** The input follows **

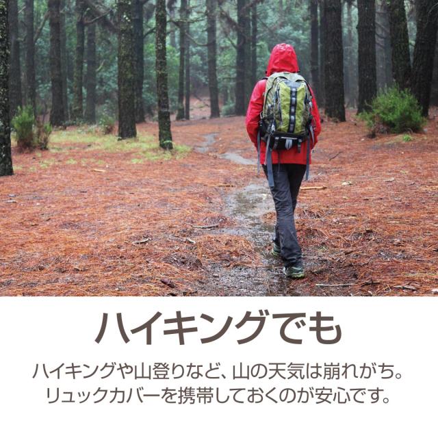 【ハイキングでも】ハイキングや山登りなど、山の天気は崩れがち。リュックカバーを携帯しておくのが安心です。
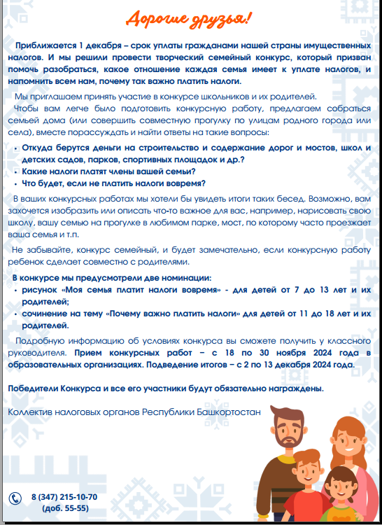 Налоговые органы Республики Башкортостан проводят творческий семейный конкурс «Моя семья платит налоги вовремя».
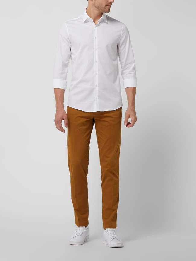 Die Chino von CINQUE ist aus einem Baumwoll-Elasthan-Mix gefertigt. Sie kommt in gerader Passform mit französischen Eingrifftaschen und Paspeltaschen am Gesäß. Der Vorteil von Chinos? Sie sind zeitlos und kaschieren kräftige Oberschenkel.
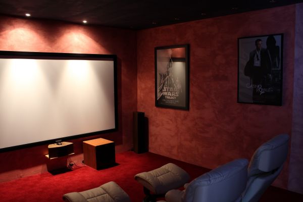 1 salle privative de 17m2 , équipée home cinéma avec estrade, 6 fauteuils de cinéma , 1 vidéoprojecteur , 1 écran vidéo de 2,40m de base , isolation acoustique et spot à led bleue, donnant sur le salon .
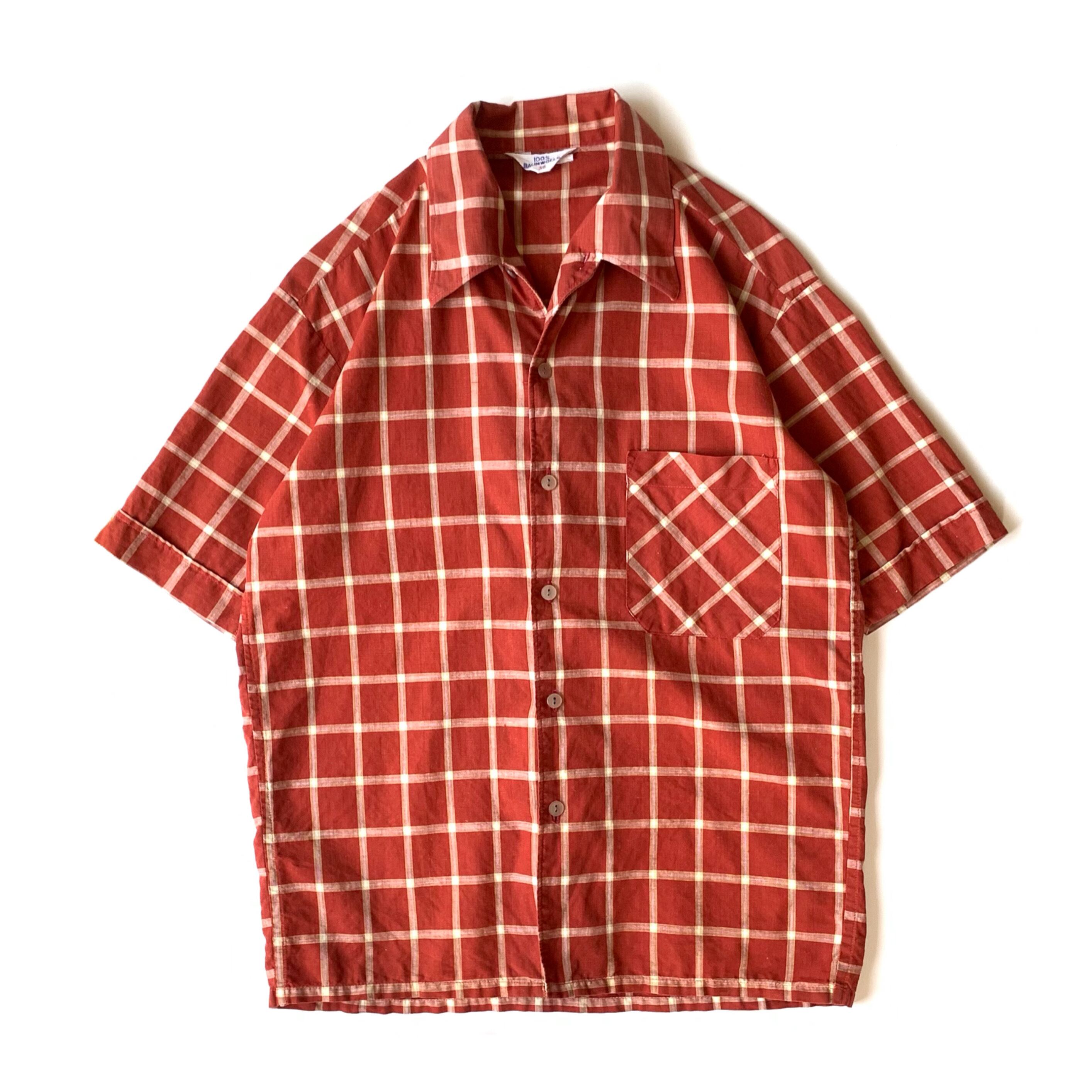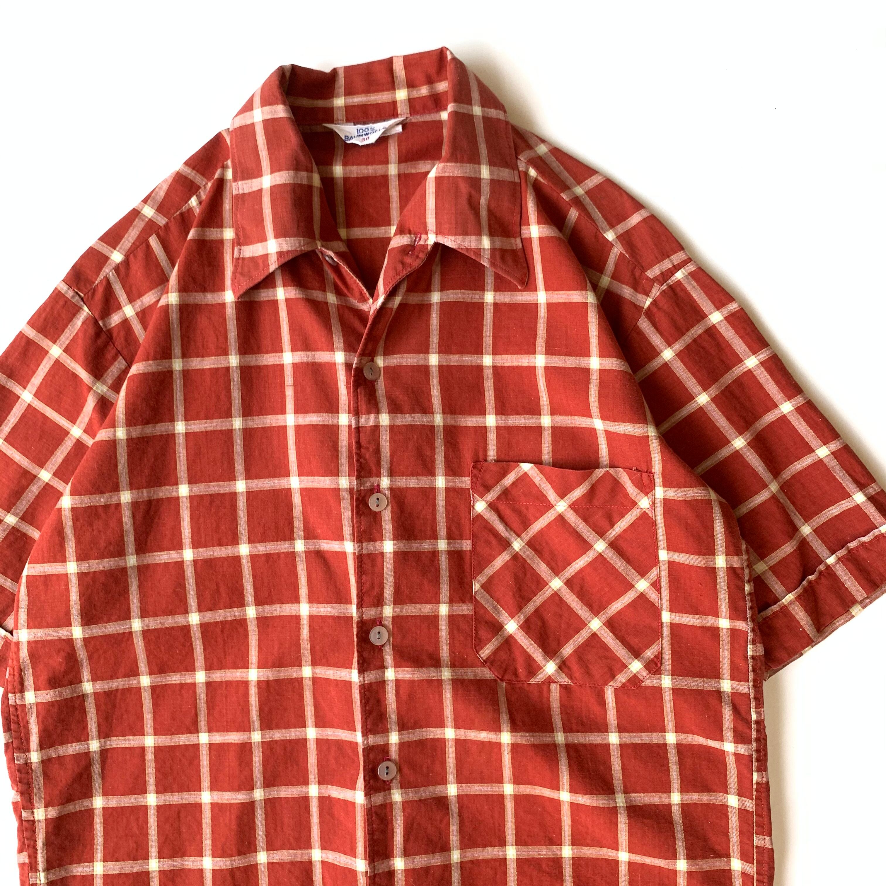 60s 70’s フランス製 オープンカラーシャツ チェックシャツ フレンチ
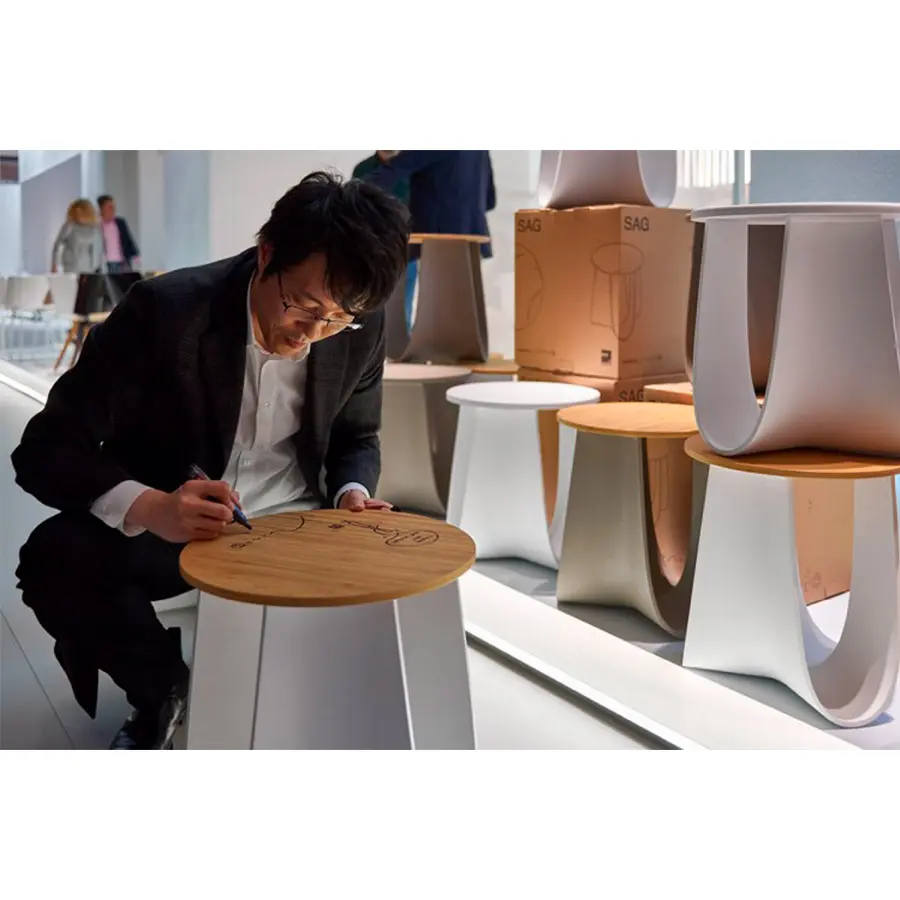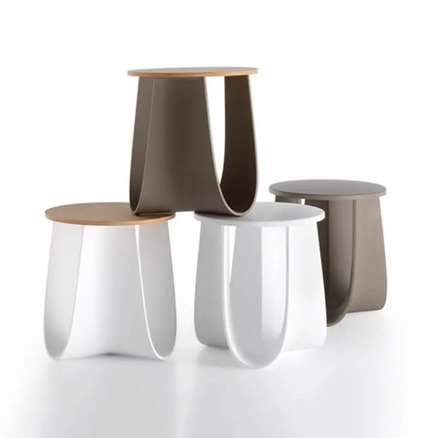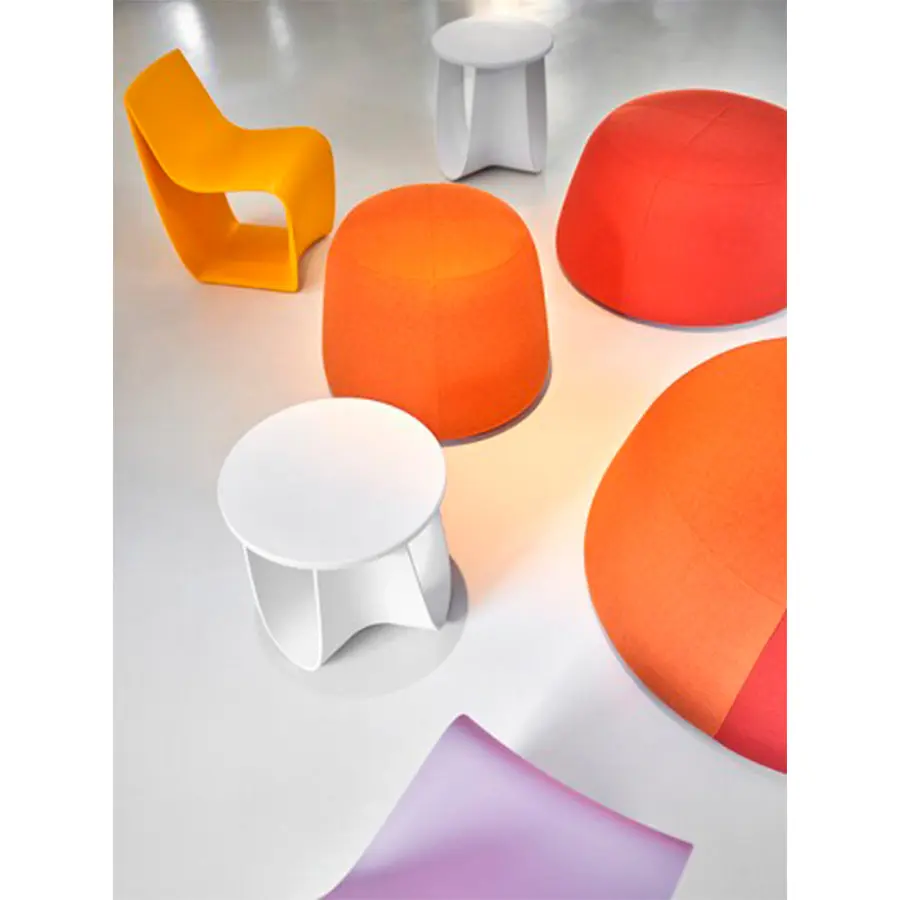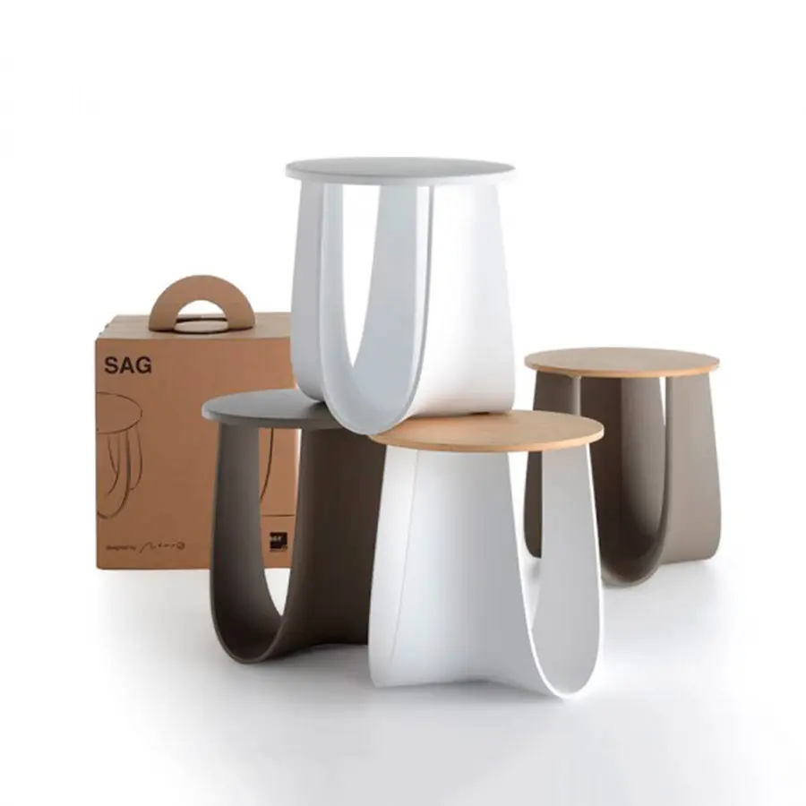 Taburete o mesa, al aire libre o bajo techo: Sag representa un complemento poliédrico y funcional. Las patas de las heces generalmente están diseñadas con elementos de «columna». Por el contrario, Sag ha sido diseñado como una pieza entera doblada sobre sí misma, como una tela suspendida en el aire y fundida en tres direcciones en una sola forma. Su estructura de arco cóncavo, así generada, le da a Sag su imagen suave y elástica especial, pero también una robustez increíble, capaz de distribuir fuerzas y absorber cargas.Estructura en poliuretano rígido, obtenida por moldeo, disponible en blanco mate y barro mate.
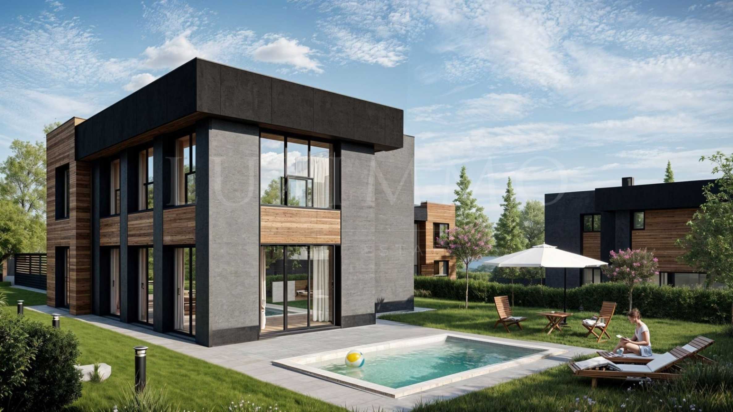 Къщите се предлагат със самостоятелен двор, ажурна ограда и собствен частен басейн.

** End of The input **

What is needed: Copy the lines above between the one holding "1 salle privative" and the one holding "60s 70’s フランス製 オープンカラーシャツ チェックシャツ フレンチ", inclusive. Drop the pictures.

Answer to this exercise:
 1 salle privative de 17m2 , équipée home cinéma avec estrade, 6 fauteuils de cinéma , 1 vidéoprojecteur , 1 écran vidéo de 2,40m de base , isolation acoustique et spot à led bleue, donnant sur le salon .
 60s 70’s フランス製 オープンカラーシャツ チェックシャツ フレンチ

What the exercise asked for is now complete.